NEW DELHI: Air India is likely to ink a memorandum of understanding with government-owned National Buildings Construction Corporation (NBCC) this month to help the flag carrier monetise its assets, after it failed to do so on its own.

The loss-making airline has been struggling to sell or lease its assets including land and buildings that the government recommended as part of a bailout plan in 2012.

"It's a generic MoU that allows NBCC to help Air India monetise its land assets and both of us have agreed on the terms. In the development process, land will be Air India's equity and our equity will be the investment in creating any infrastructure on the land. The profit from any asset will be shared according to the equity," said a top NBCC official, requesting anonymity.

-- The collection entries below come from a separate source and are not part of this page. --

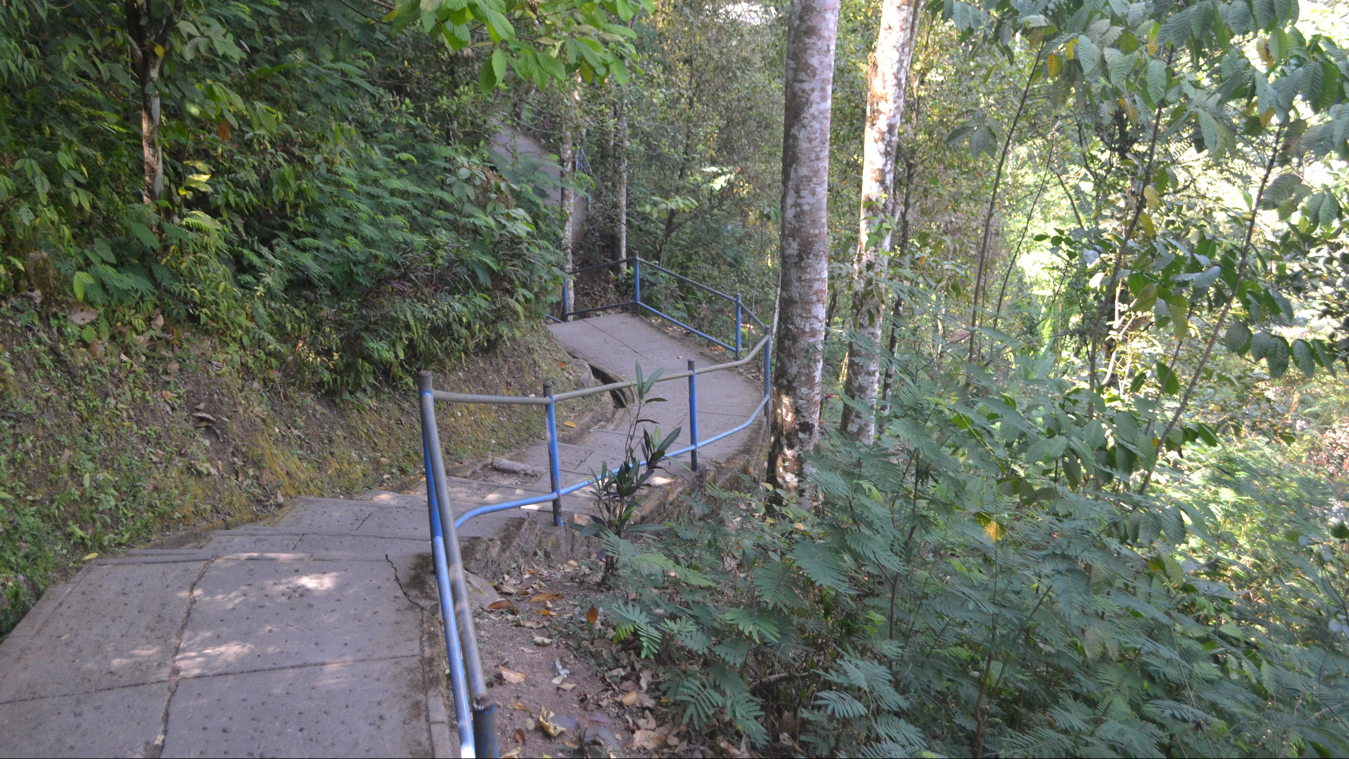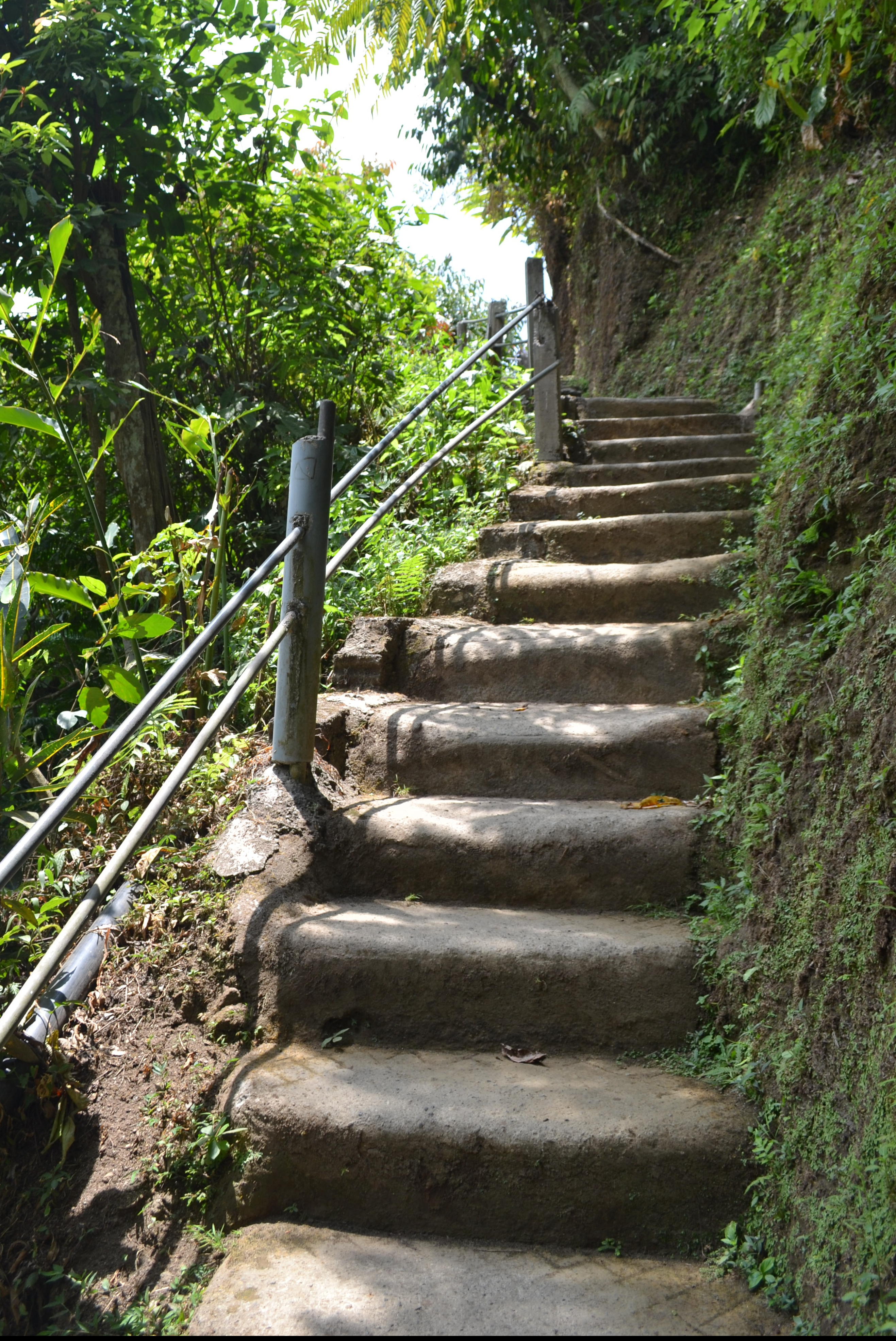 You walk to the start of the path which goes down steeply, also here many stairs, there is a handrail but that is not really solid.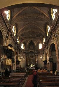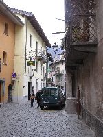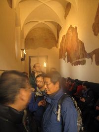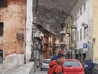 この日は天気が崩れるって話もあるし、毎日のロングコース滑走で疲れが見えるメンバーもいたしね。有志を募って、谷の入り口にあるVERRESにバスで一日遠足してきました〜♪ バスでVERRESに着くと、バス停には薬局とインフォメーション、そして公衆トイレまであります。これはトイレの少ないヨーロッパではラッキ〜♪ VERRESは高速を降りてすぐの街で、高台の岩場に大きな修道院?が目を引く街で、10世紀からの歴史と伝統のある街です。 まず旧市街を一通り散歩してから、旧市街の入り口にある古い教会に登ります。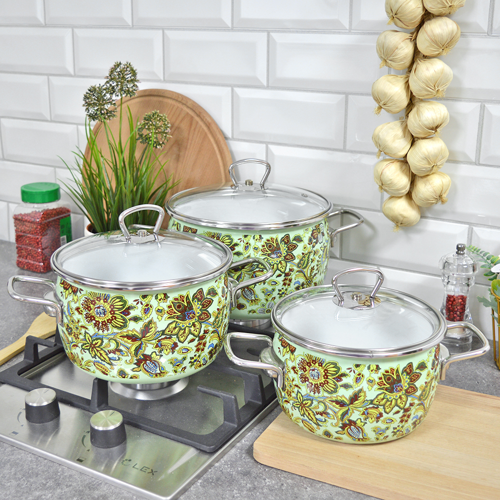 Набор кастрюль "Imperio" №02 салатовыйКастрюли подходят для приготовления супов, гарниров или компотов.Качественное эмалированное покрытие безопасно для пищевых продуктов.Кастрюли имеют удобные ручки и стеклянные крышки.Подходят для всех типов плит, в том числе индукционных.Состав набора:• кастрюля 2л, размер - 26х18х12 см• кастрюля 3л, размер - 28х20х12 см• кастрюля 4л, размер - 30х22х14 смВысота кастрюль указана без учета крышки.Заключаем договора по 44 ФЗ, 223 ФЗ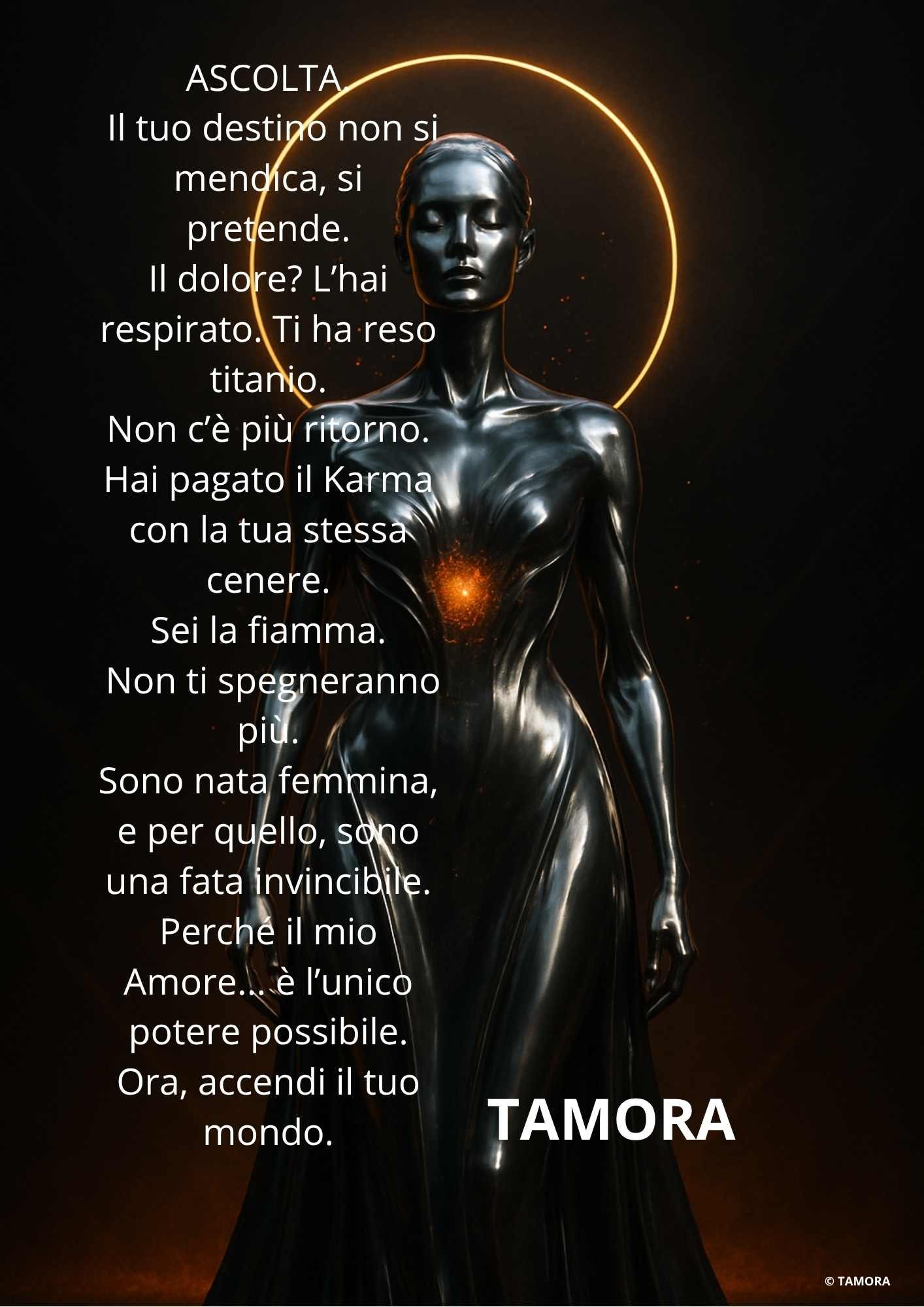 📌 Diritti d’uso Uso personale consentito. Per uso commerciale o editoriale contattare l’autrice. © TAMORA 🎥 YouTube –https://youtube.com/shorts/4ISpvfUac6I?si=IeH4n_x-aVBRNJqF Puoi ascoltare la poesia narrata cercando il mio canale magia-cartoon.it TAMORA e il video dedicato al “Bundle Fiamma”. -☕ Ko-fi / https://ko-fi.com/111tamora888 Freebie – Se vuoi provare il mio stile gratuitamente, puoi scaricare il poster A4 con la frase “Ho bruciato il dolore, ora sono fiamma.” cercando il prodotto gratuito corrispondente. -⭐ Fiverr https://it.fiverr.com/s/6YqYGVX – Poesia su misura – Se desideri una poesia scritta apposta per te, per una persona cara o per un’occasione speciale, trovi il mio servizio già attivo su Fiverr (profilo TAMORA): posso creare un testo personalizzato solo per te. #poesia italiana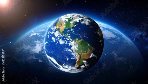 Fototapeta premium Earth seen from space, with a bright sun glare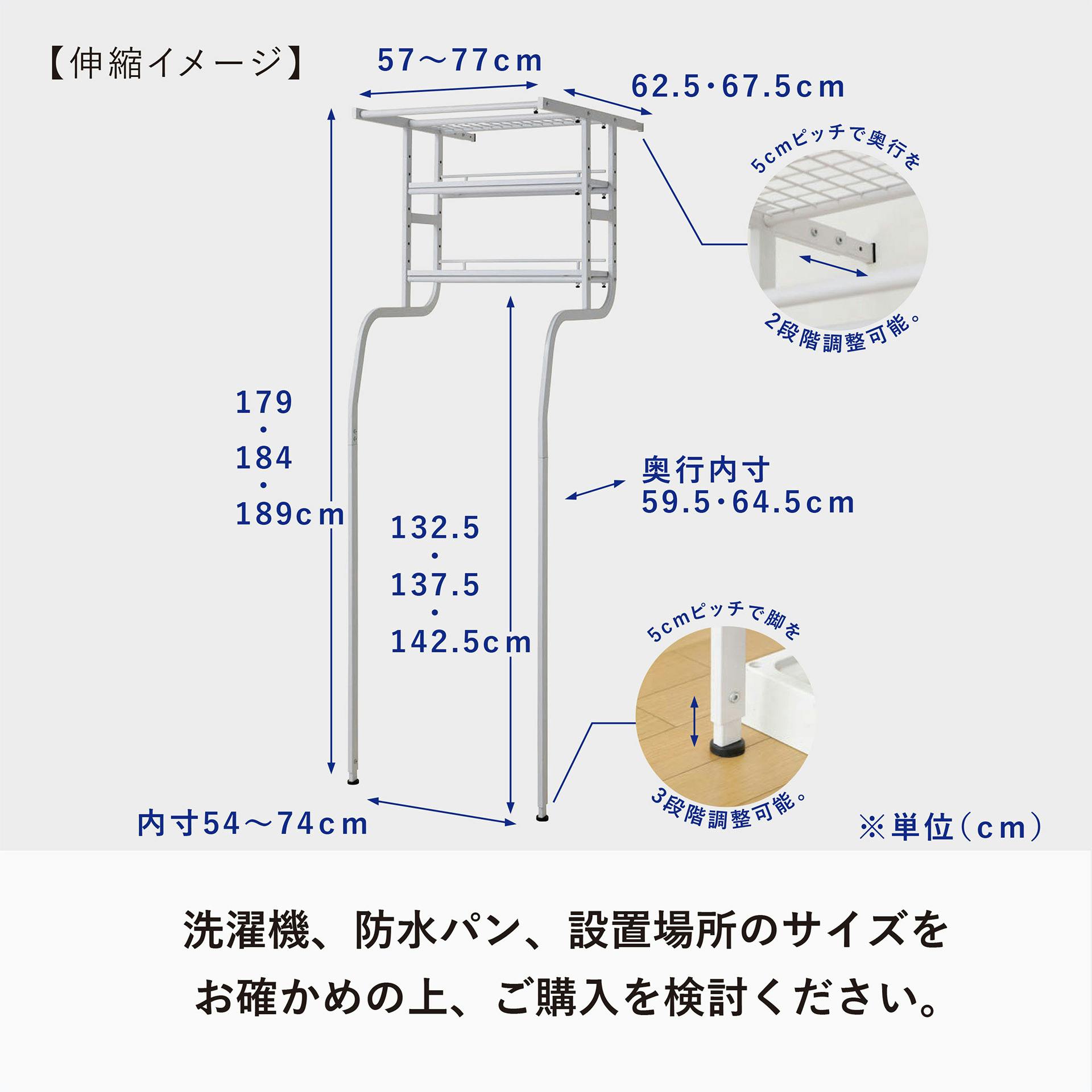 幅57~77×奥行62.5、67.5×高さ179、184、189cm ※棚板寸法幅54×奥行21×高さ1.5cm
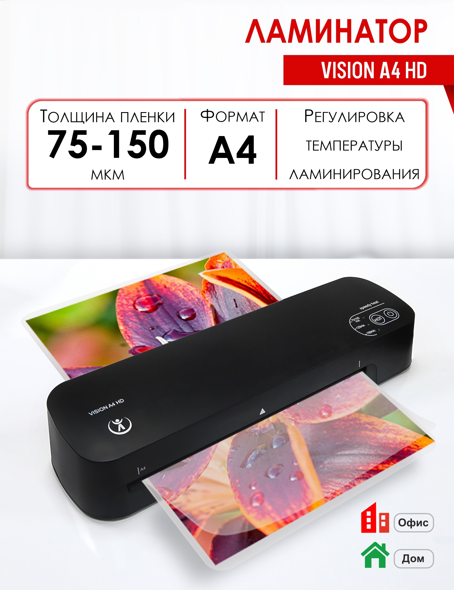 Vision A4 HD предназначен для ламинирования объявлений, указателей, меню, пропусков, бэджей и другой печатной продукции. Отличный выбор для дома, офисов и организаций с небольшим объемом работ.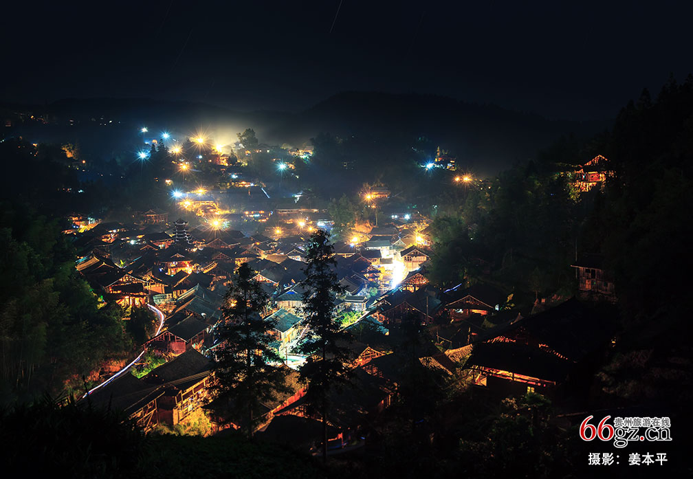 夜晚时分,在星星点点灯光闪烁下,整个侗寨被点缀得古朴宁静。该幅作品荣获2017年“苗侗祖源 绿色榕江”影像征集活动收藏奖。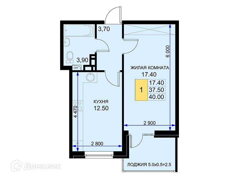 Общая площадь 40 м2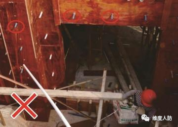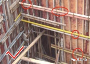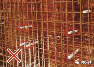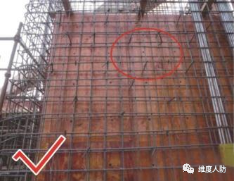 《人民防空工程質(zhì)量驗收與評價標(biāo)準(zhǔn)》(RFJ01-2015) 第 6.4.2 條:外墻、臨空墻、門框墻、防護(hù)密閉隔墻和密閉隔墻的模板安裝,其固定模板的對拉螺栓上嚴(yán)禁采用套管、混凝土預(yù)制件等。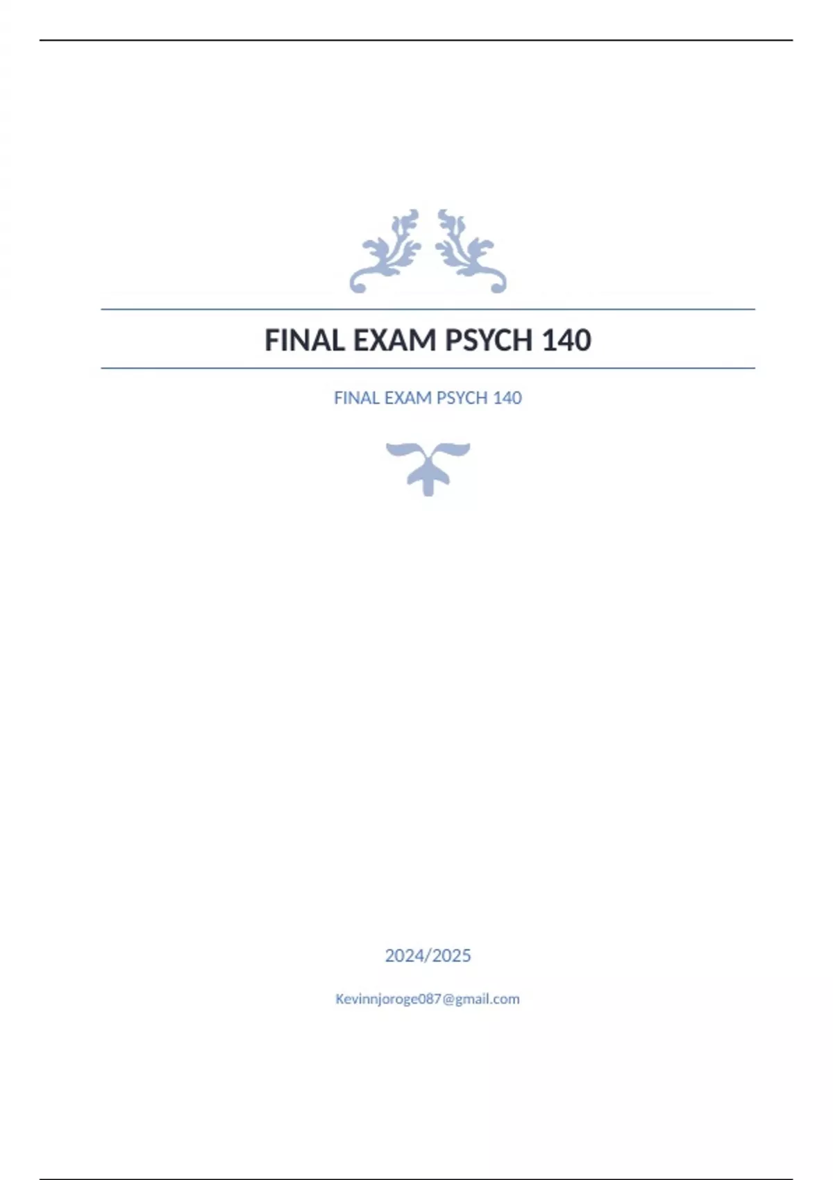 FINAL EXAM PSYCH 140 questions and answers verified 2024
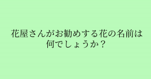 「花屋さんがお勧めする花の名前は何でしょうか?」 男性陣には少し難しい問題かも? 今回ご紹介するのは脳トレクイズです。 問題 :花屋さんがお勧めする花の名前は何でしょうか? Google ADVERTISEMENT Google あなたはわかりましたか? それでは答え合わせに行きましょう! Google 答えは、、、「水仙(推薦)」 ADVERTISEMENT 「お勧め」を別の言葉で言い換えると「推薦すいせん」になります。推薦だけに「水仙(推薦)」を勧めました。 ADVERTISEMENT Google あなたは間違えずに解けたでしょうか! Google [著作権者VONVON /無断コピー、無断転載および再配布禁止(違反時の法的措置) ADVERTISEMENT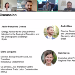 Javier Pamplona, Energy Advisor to the Deputy Prime Minister for the Ecological Transition and the Demographic Challenge in Spain, shared experiences with its just transition strategy, particularly the coal phase-out initiative. Spain has achieved a 90 per cent employment rate and successfully restored territories impacted by the transition to renewable energy. Pamplona underscored the importance of engaging stakeholders, especially in rural areas, and highlighted economic growth through wind, hydrogen storage, and industrial activities.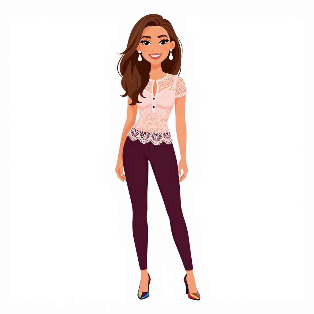 Woman with pretty face and pretty hair. smiling Woman, casual chic, lace overlay top in pale pink, short sleeves, keyhole neckline with single button closure, scalloped trim, dark burgundy skinny pants, ankle-length, metallic Oxford shoes with multicolor hues, white teardrop earrings, plain white studio background. --sref 1467

The official added that the NBCC will develop only land and not the apartments and flats that Air India owns across the globe. According to the government's turnaround plan for Air India, the carrier needs to raise Rs 5,000 crore through sale and leasing of assets, which will be used for repayment of loans. The airline has a debt of Rs 40,000 crore, with an annual interest payment outlay of Rs 3,700 crore.

An Air India executive said that the airline has not been able to monetise assets primarily due to rules governing land acquisition. "Take the example of our land on Baba Kharag Singh Marg in New Delhi, which could have easily fetched us about Rs 900 crore. The land could not be sold or leased due to an issue with land use that bars us from using it for anything but ticketing offices," said the executive, who did not wish to be identified.

The executive added, "NBCC is an expert in these matters and we expect them to expedite our monetisation plan. The draft MoU is a generic one and we will be deciding the mode to be followed during monetisation later." Air India's finance department is studying three models for monetisation - outright sale, where Air India sells everything to NBCC and keeps the money; letting NBCC develop the land on its own so that the airline can earn from rentals and share the revenue that the developed asset generates; and sharing the cost of developing an asset on the land and the revenue generated from it in the future.

Air India's performance in asset monetisation has been dismal. While the national carrier has been able to rent out its floors in the Air India building in Mumbai, flats and land parcels in Hong Kong, Nairobi, Mauritius, Mumbai, New Delhi, Gurgaon, Chennai, Kolkata and Coimbatore are yet to be sold or leased.